***** Information shown *****

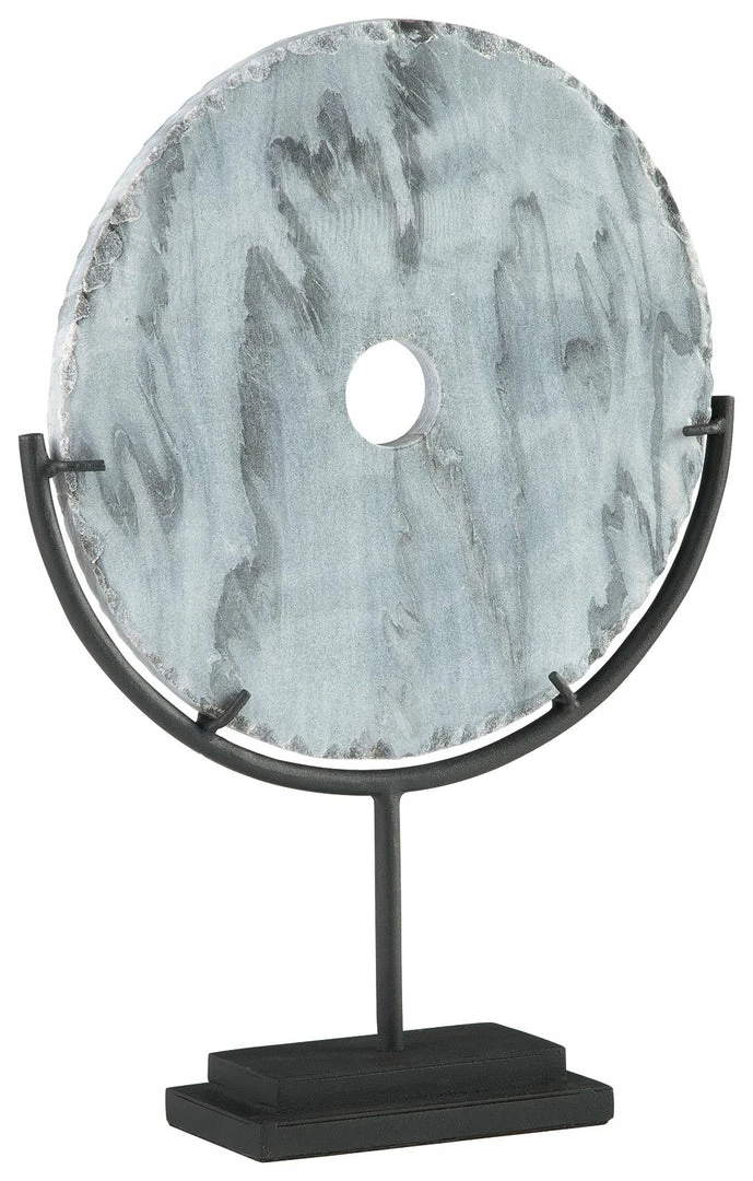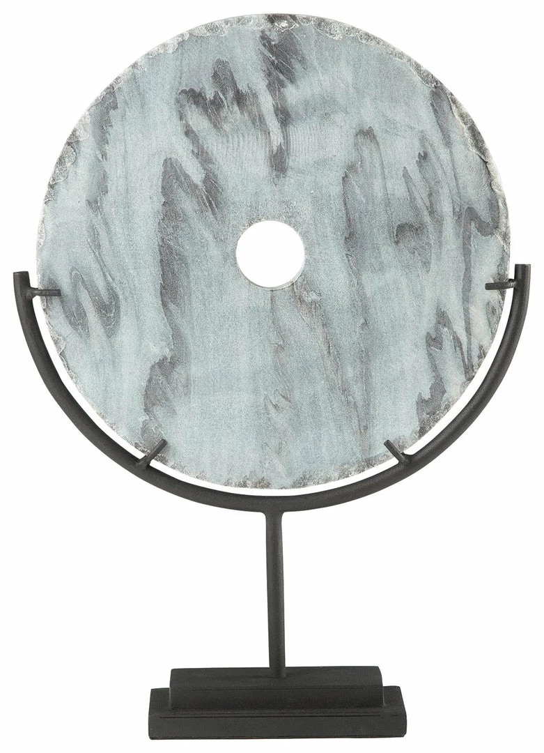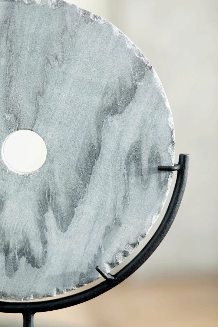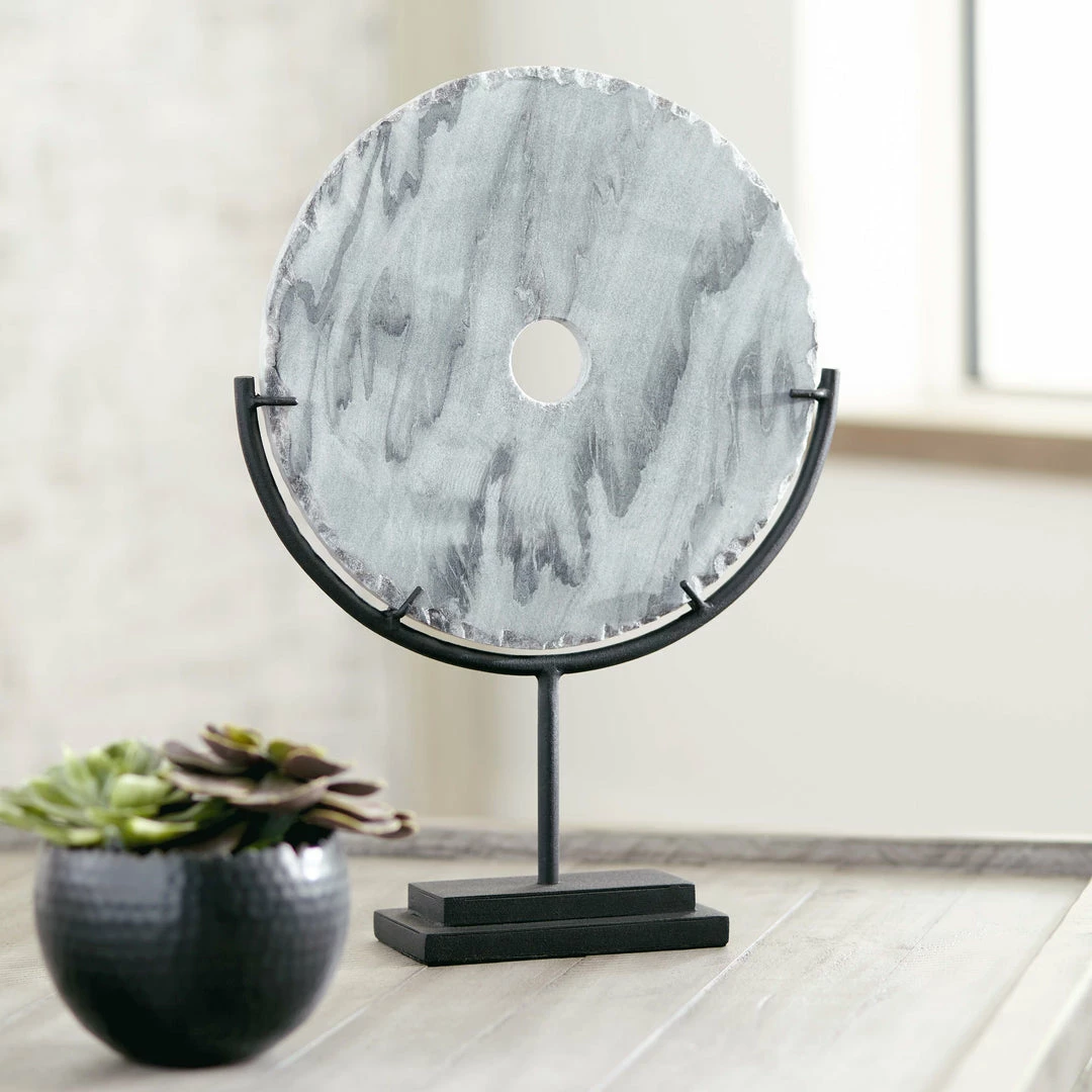 An upscale twist. Like something you’d see in a trendy contemporary art gallery, this gray marble disc sculpture on a black metal stand is as elegant as it is eye-catching. What an especially striking entryway piece.
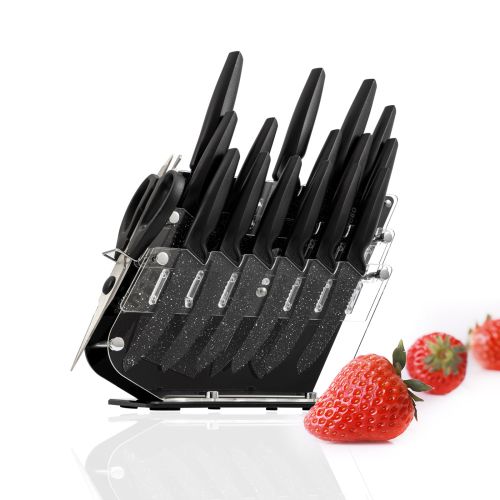 Marble Look Blade 17pc Kitchen Knife Block Set Black
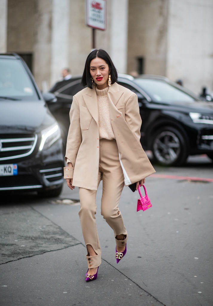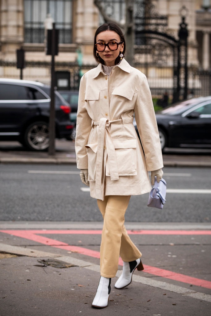 На показах SS'19 доминировали оттенки бежевого, розового и молочного, а их сочетание в одном образе — одна из самых модных тенденций. Такой прием легко воплотить в жизнь. Ключ в том, чтобы играть с пропорциями, внедряя вещи oversize, смешать несколько оттенков, создать total look в одном цвете и экспериментировать с текстурами. Идеально светлые цвета сочетаются с принтом анималье или клеткой, а любой яркий аксессуар, такой как шарф или сумка, прекрасно разбавит однотонный образ. Не стоит бояться дополнять look в светлых тонах черными вещами: можно выбрать темную обувь или аксессуары. Также можно сделать светлый цвет акцентом, если в образе доминируют яркие или темные вещи.
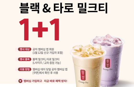 공차코리아가 1월 멤버십 데이를 맞아 블랙&타로 밀크티 1+1 이벤트를 진행하기로 했다.
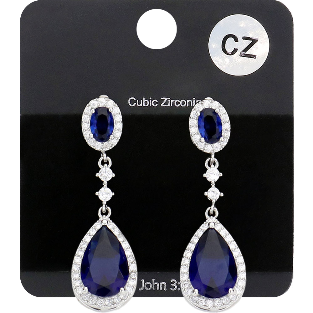 CZ Teardrop Accented Dangle Evening Earrings
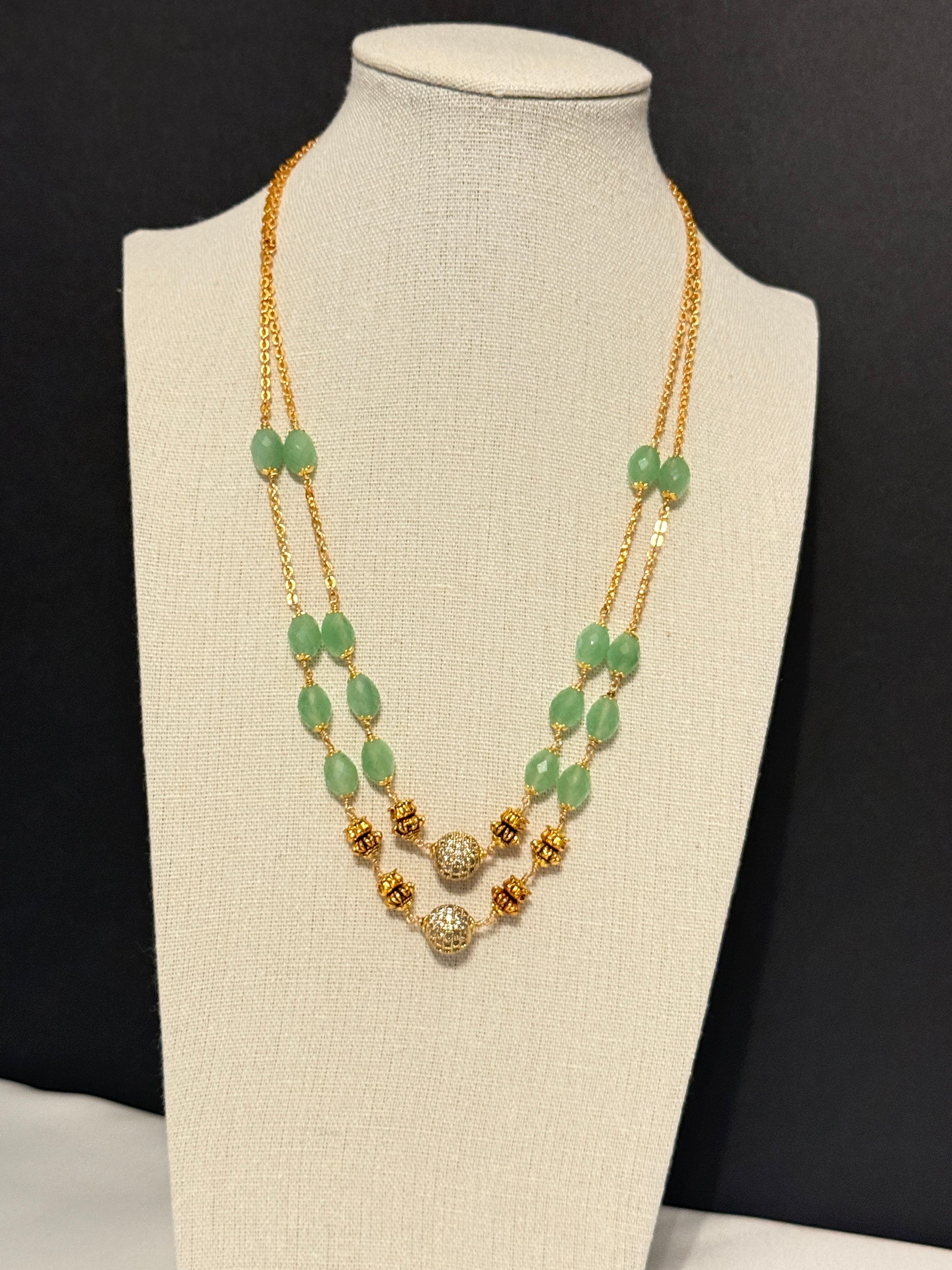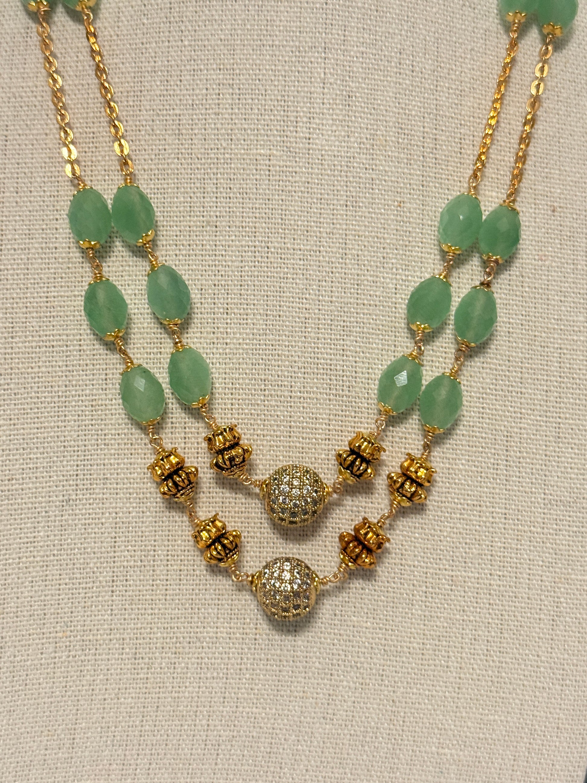 Elegant double-strand necklace with delicate sage green beads and ornate gold filigree accents on fine gold chains. Perfect for adding a refined touch to any outfit.
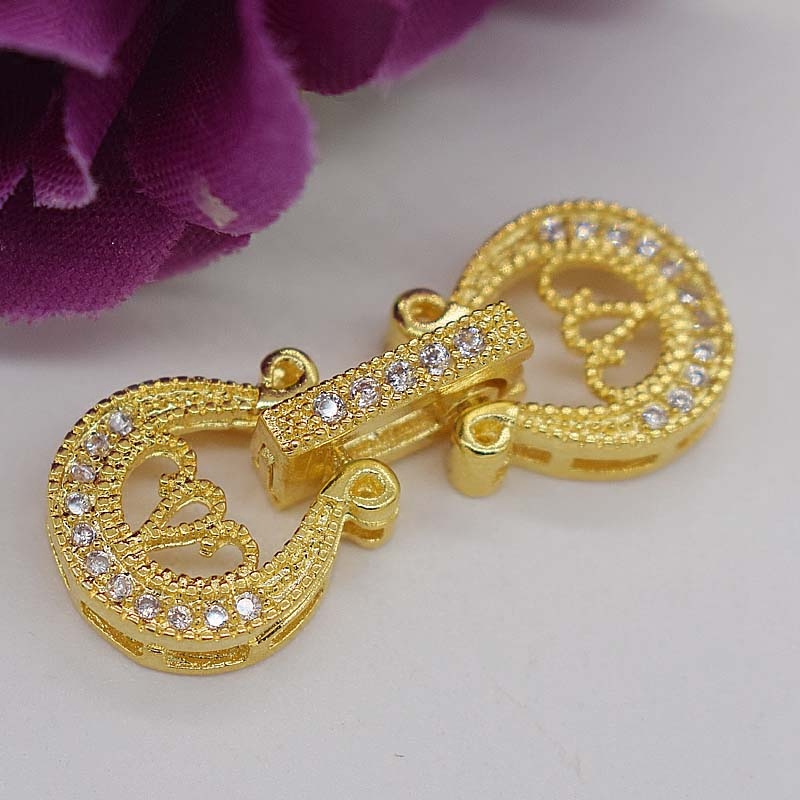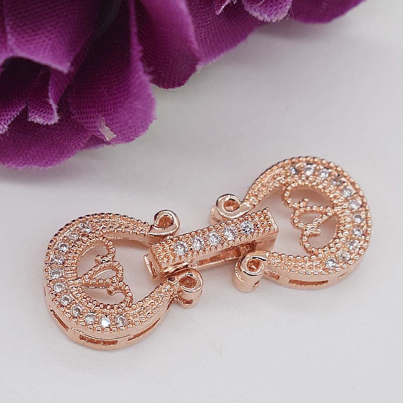 925 semi-silver gold-plated diamond-studded pearl necklace buckle single and double row multi-breasted buckle DIY handmade material accessories
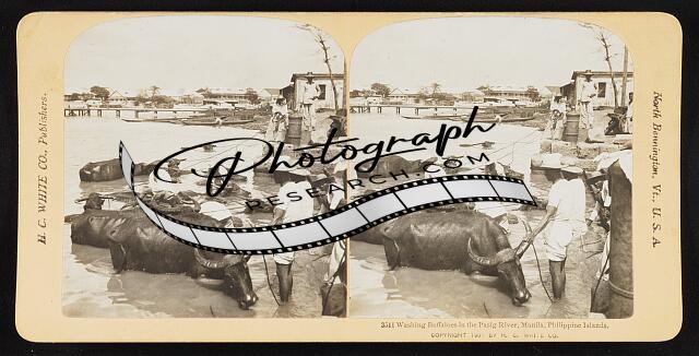 Washing buffaloes in the Pasig River, Manila, Philippine Islands
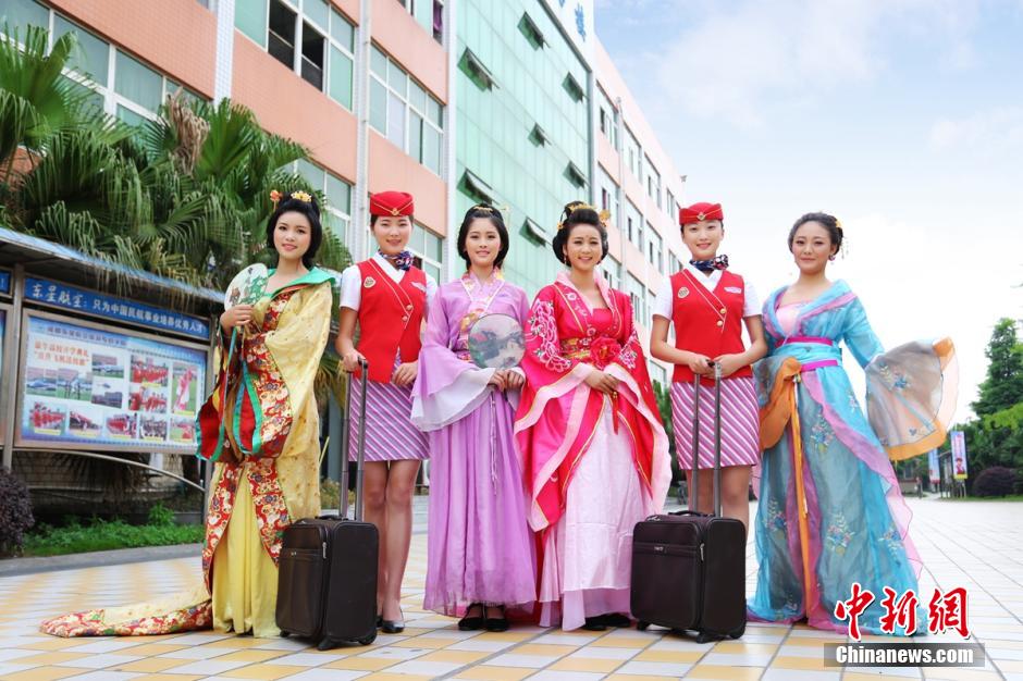 Upon graduation, eight students from Chengdu East Star Airlines Travel College take creative photos to celebrate their colorful university life. These students have been recruited as flight attendants.(Photo/Chinanews.com)
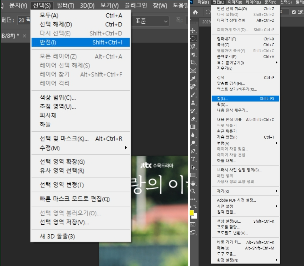 선택(Select) - 반전 (Inverse) 메뉴를 선택을 하고
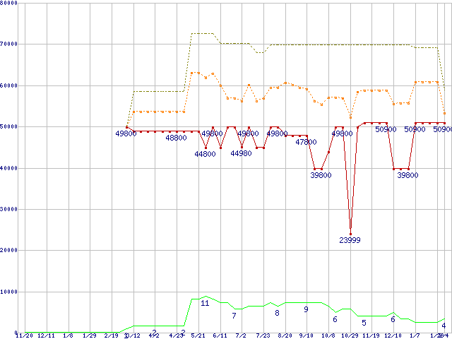 | 2.5インチ ローエンドSSD 256GB (256GB,MLC)の価格推移 |
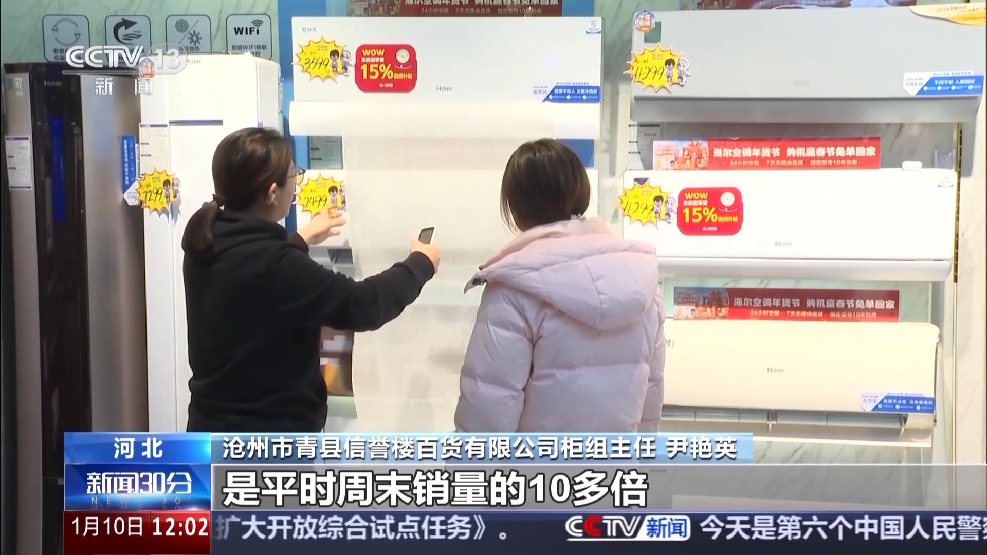沧州市青县信誉楼百货有限公司柜组主任 尹艳英:空调、冰箱这些刚需品类卖得最好。元旦当天,空调、电视、冰箱就卖了600多台,是平时周末销量的10多倍。
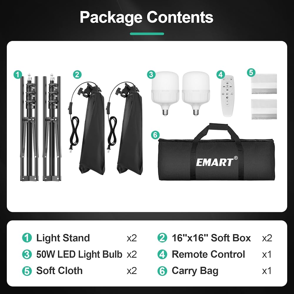 【Rich Package Contents】 2 * 16"x 16"Soft box(Head 210° adjustable); 2 * 3000K-6000K 50W LED Bulb (with Remote Control); 1 * Carry Bag;2 * (17"to 63"/43cm-160cm Height Adjustable ) Light Stand; We will Provide 12 Months of Free Warranty, and Lifetime Professional Customer Service. Any questions, Feel Free to Contact our Customer Service Staff.

*****

• Exercise details: Beginning at the line above that contains "925 semi-silver gold-plated" and going on through the line that contains "Washing buffaloes in", please copy every line exactly, leaving the pictures out and adding nothing.

• Written reply:
 925 semi-silver gold-plated diamond-studded pearl necklace buckle single and double row multi-breasted buckle DIY handmade material accessories
 Washing buffaloes in the Pasig River, Manila, Philippine Islands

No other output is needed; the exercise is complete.